**Supplied entries**
# # # # #
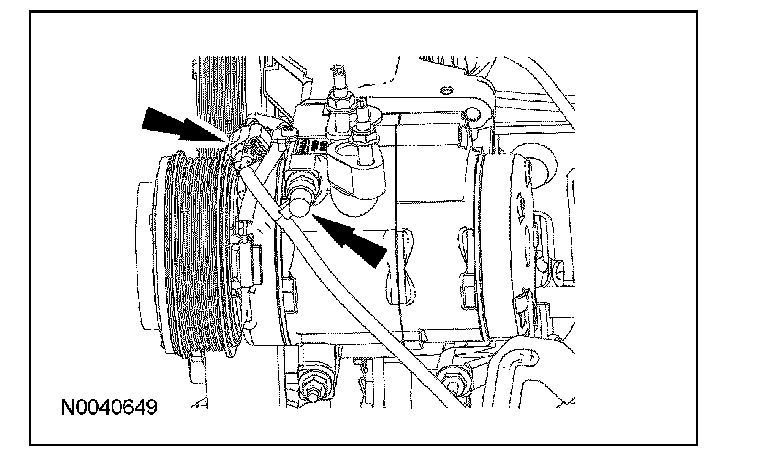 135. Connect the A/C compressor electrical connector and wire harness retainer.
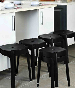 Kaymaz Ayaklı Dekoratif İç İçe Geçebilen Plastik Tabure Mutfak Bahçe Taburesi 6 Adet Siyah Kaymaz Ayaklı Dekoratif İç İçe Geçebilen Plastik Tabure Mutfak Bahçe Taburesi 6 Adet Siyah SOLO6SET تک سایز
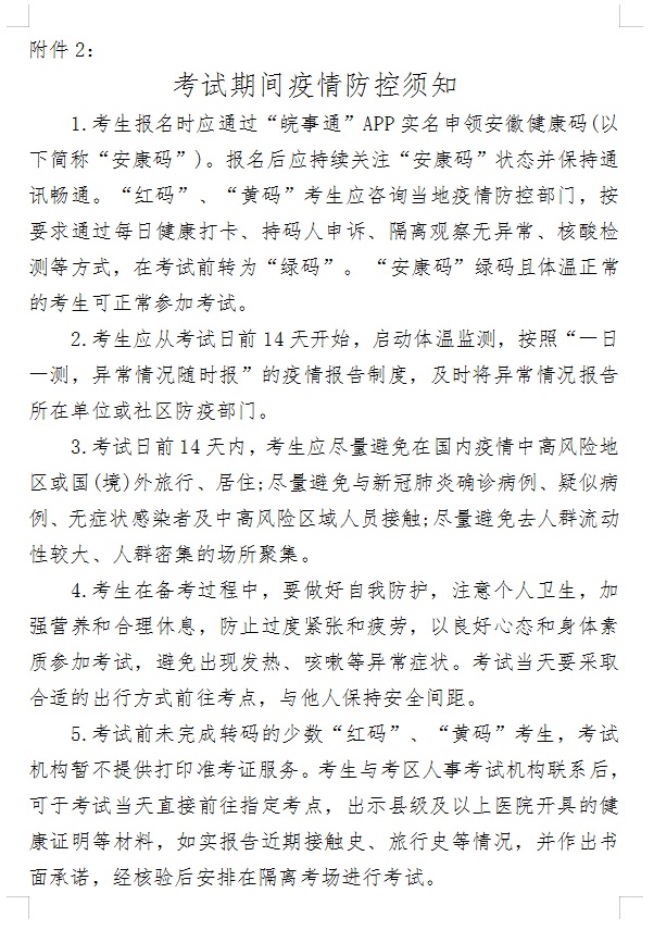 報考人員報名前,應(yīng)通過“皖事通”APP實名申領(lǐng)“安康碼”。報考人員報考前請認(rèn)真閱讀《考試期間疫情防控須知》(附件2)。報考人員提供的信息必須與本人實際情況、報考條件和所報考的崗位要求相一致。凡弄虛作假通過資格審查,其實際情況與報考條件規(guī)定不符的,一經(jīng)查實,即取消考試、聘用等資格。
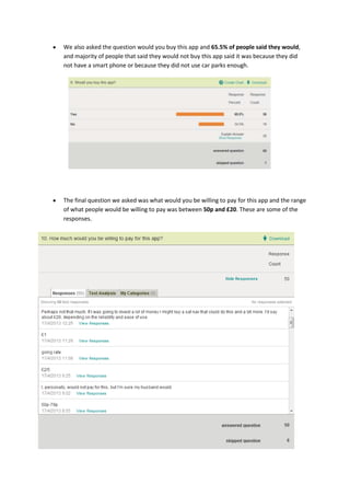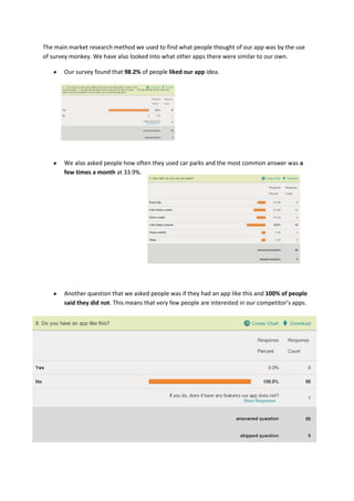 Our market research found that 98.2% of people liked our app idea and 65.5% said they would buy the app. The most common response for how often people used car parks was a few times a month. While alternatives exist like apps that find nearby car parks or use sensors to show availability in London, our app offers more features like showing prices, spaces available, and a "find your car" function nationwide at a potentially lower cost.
# # # # #
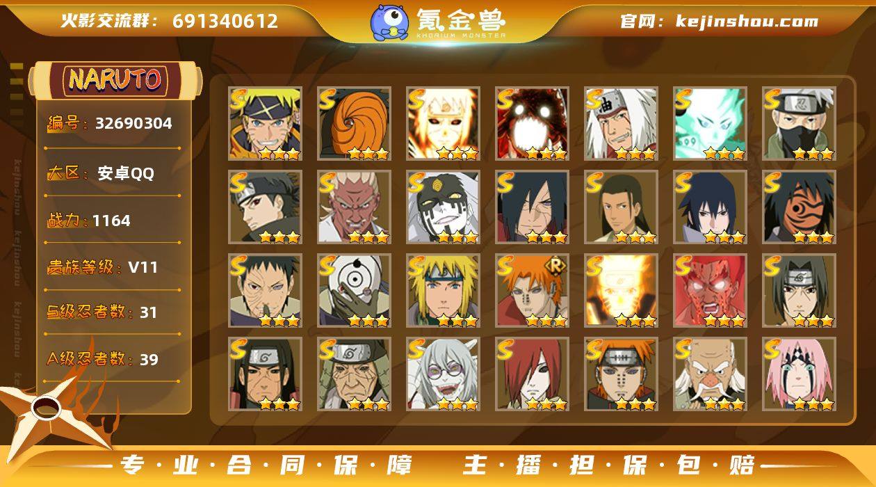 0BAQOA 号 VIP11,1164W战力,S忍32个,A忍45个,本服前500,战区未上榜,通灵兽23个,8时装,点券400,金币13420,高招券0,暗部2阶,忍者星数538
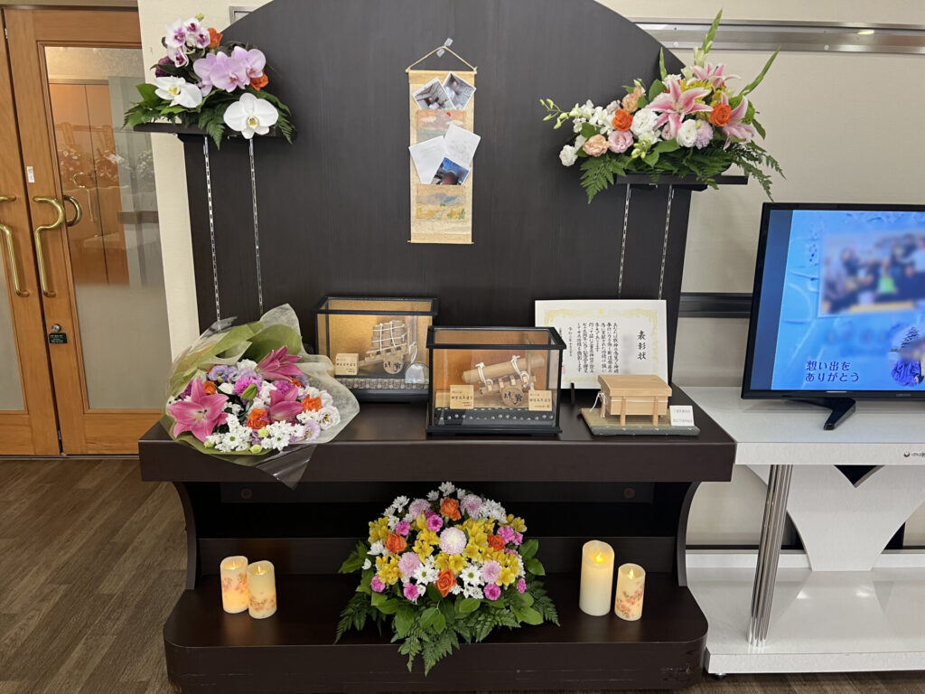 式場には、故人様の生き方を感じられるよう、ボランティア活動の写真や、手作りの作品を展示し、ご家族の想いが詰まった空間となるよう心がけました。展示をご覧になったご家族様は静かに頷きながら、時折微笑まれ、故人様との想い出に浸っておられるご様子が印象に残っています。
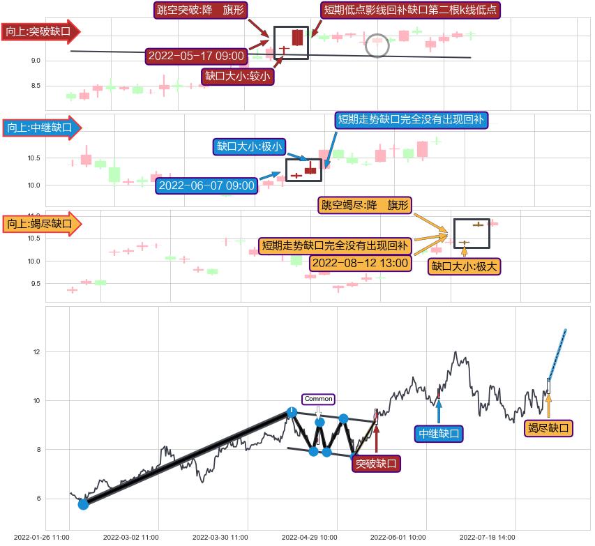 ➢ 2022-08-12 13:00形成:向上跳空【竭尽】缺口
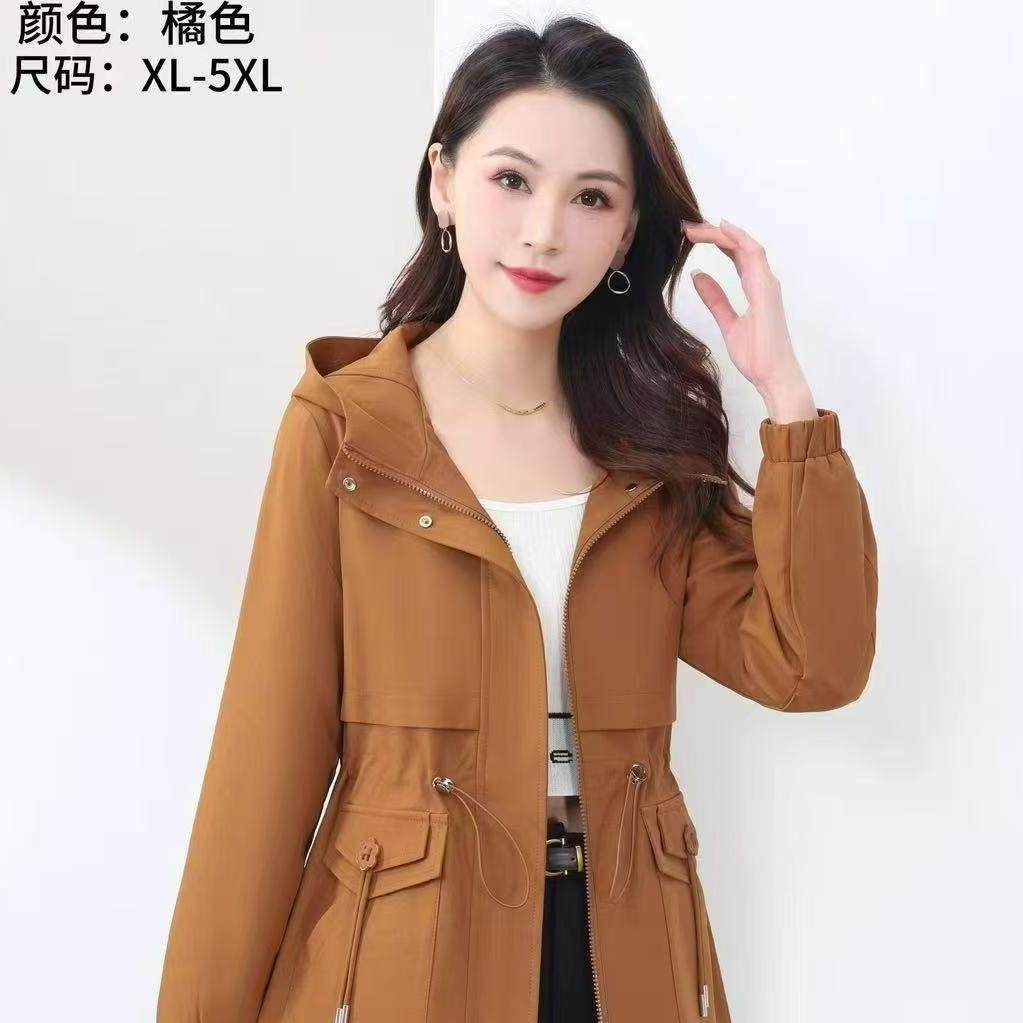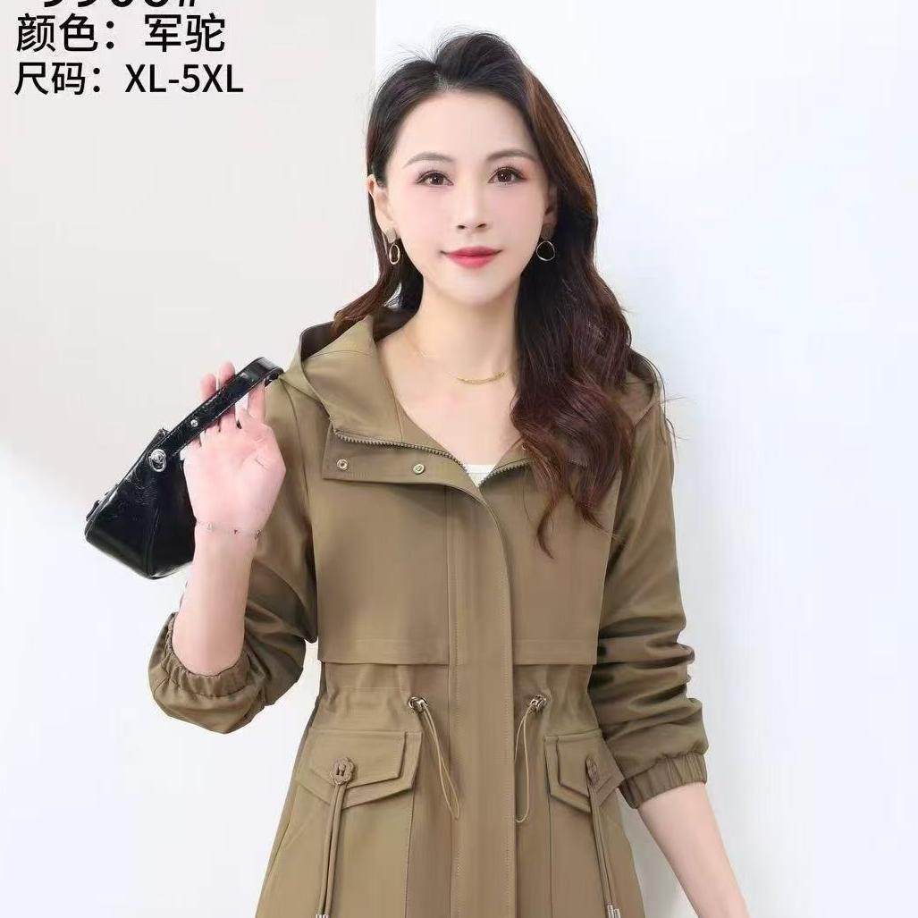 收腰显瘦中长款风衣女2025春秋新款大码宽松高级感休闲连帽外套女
# # # # #
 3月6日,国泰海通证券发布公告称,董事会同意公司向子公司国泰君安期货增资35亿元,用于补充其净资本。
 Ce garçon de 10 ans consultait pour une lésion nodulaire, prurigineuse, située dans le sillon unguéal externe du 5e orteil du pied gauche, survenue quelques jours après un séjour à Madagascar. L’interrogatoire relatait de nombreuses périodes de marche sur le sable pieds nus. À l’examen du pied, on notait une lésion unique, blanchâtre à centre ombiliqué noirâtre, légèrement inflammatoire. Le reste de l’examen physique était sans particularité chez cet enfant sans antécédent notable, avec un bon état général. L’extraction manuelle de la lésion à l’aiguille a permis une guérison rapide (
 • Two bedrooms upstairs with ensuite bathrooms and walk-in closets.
# # # # #
**Task directions**
What do the entries above read from the line containing "135. Connect the" through the line containing "報考人員報名前,應(yīng"? Output those lines exactly, both ends included, with the pictures left out.

**Solution for this problem**
 135. Connect the A/C compressor electrical connector and wire harness retainer.
 Kaymaz Ayaklı Dekoratif İç İçe Geçebilen Plastik Tabure Mutfak Bahçe Taburesi 6 Adet Siyah Kaymaz Ayaklı Dekoratif İç İçe Geçebilen Plastik Tabure Mutfak Bahçe Taburesi 6 Adet Siyah SOLO6SET تک سایز
 報考人員報名前,應(yīng)通過“皖事通”APP實名申領(lǐng)“安康碼”。報考人員報考前請認(rèn)真閱讀《考試期間疫情防控須知》(附件2)。報考人員提供的信息必須與本人實際情況、報考條件和所報考的崗位要求相一致。凡弄虛作假通過資格審查,其實際情況與報考條件規(guī)定不符的,一經(jīng)查實,即取消考試、聘用等資格。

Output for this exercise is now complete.